-- Exercise brief --
Print, from the listing below, the lines starting at the line containing "Paleta Wallet My" and ending at the line containing "Outside, a private", exactly as they stand, and print nothing else.

-- Records to process --

+ + + + + + +

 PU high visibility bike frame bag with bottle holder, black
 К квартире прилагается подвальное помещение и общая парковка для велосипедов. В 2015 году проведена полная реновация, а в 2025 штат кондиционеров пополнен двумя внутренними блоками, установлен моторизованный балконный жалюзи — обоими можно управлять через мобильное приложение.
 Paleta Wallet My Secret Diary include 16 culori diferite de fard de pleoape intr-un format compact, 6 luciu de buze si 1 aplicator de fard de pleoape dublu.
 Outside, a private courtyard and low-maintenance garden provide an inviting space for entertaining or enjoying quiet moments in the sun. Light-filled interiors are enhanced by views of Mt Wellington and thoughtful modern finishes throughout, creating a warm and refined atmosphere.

+ + + + + + +

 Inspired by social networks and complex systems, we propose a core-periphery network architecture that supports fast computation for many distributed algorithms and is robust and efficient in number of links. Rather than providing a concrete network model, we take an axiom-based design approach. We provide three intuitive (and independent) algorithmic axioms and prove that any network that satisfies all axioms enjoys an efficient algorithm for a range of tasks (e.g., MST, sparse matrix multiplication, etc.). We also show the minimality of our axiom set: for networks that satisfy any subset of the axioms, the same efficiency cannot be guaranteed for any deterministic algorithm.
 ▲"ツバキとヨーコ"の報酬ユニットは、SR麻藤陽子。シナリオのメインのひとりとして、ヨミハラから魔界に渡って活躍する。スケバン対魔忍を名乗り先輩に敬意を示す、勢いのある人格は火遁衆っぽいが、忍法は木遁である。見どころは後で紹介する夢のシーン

+ + + + + + +

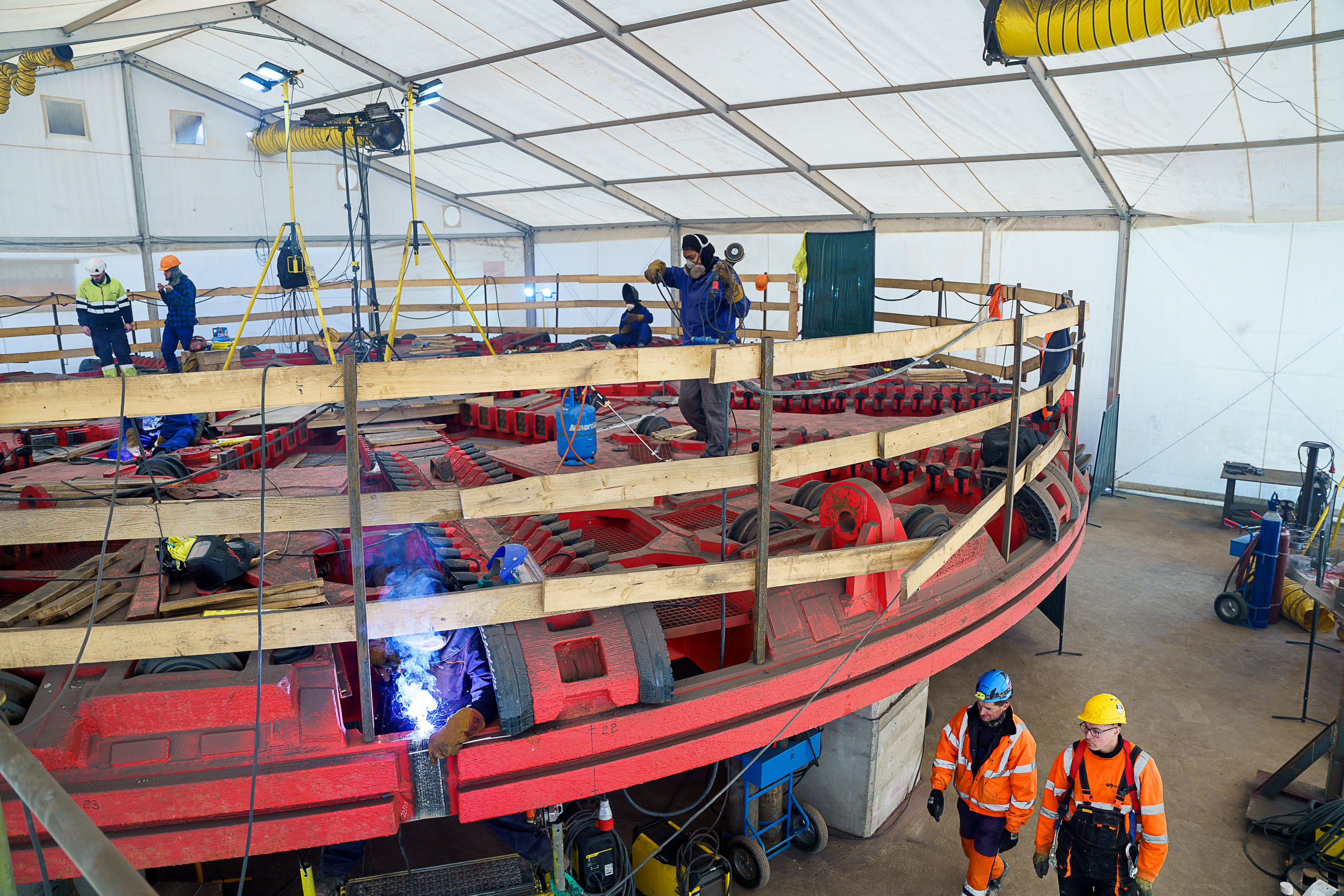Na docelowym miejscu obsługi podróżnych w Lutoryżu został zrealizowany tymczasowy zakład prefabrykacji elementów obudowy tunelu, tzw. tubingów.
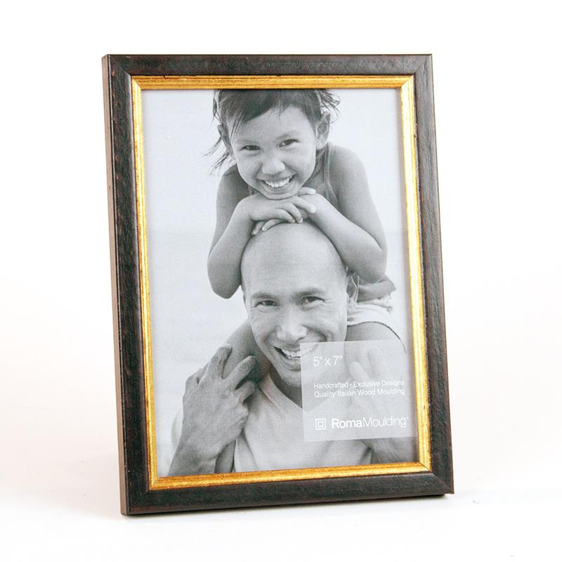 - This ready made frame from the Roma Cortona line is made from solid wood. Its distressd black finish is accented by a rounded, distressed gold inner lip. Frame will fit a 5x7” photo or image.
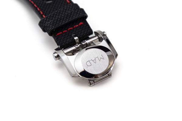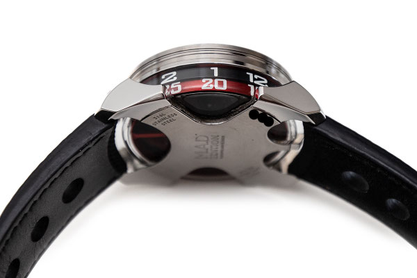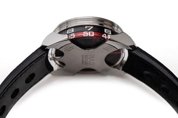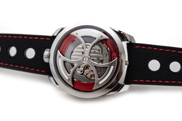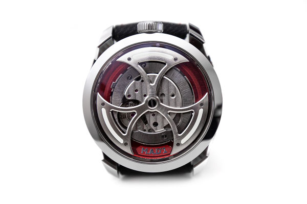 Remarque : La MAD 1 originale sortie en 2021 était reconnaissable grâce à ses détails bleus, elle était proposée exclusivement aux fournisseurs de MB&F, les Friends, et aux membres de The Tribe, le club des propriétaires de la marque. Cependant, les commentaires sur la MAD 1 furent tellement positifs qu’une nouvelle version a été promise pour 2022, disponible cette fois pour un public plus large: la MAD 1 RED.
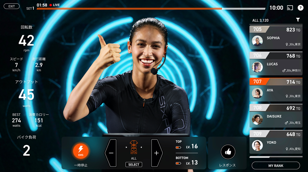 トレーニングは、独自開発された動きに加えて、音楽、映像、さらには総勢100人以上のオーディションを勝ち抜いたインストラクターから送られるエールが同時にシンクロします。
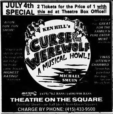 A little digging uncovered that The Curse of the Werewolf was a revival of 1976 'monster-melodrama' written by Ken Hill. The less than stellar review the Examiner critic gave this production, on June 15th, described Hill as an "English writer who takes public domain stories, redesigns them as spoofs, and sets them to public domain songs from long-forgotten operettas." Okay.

+ + + + + + +

-- Written response --
 Paleta Wallet My Secret Diary include 16 culori diferite de fard de pleoape intr-un format compact, 6 luciu de buze si 1 aplicator de fard de pleoape dublu.
 Outside, a private courtyard and low-maintenance garden provide an inviting space for entertaining or enjoying quiet moments in the sun. Light-filled interiors are enhanced by views of Mt Wellington and thoughtful modern finishes throughout, creating a warm and refined atmosphere.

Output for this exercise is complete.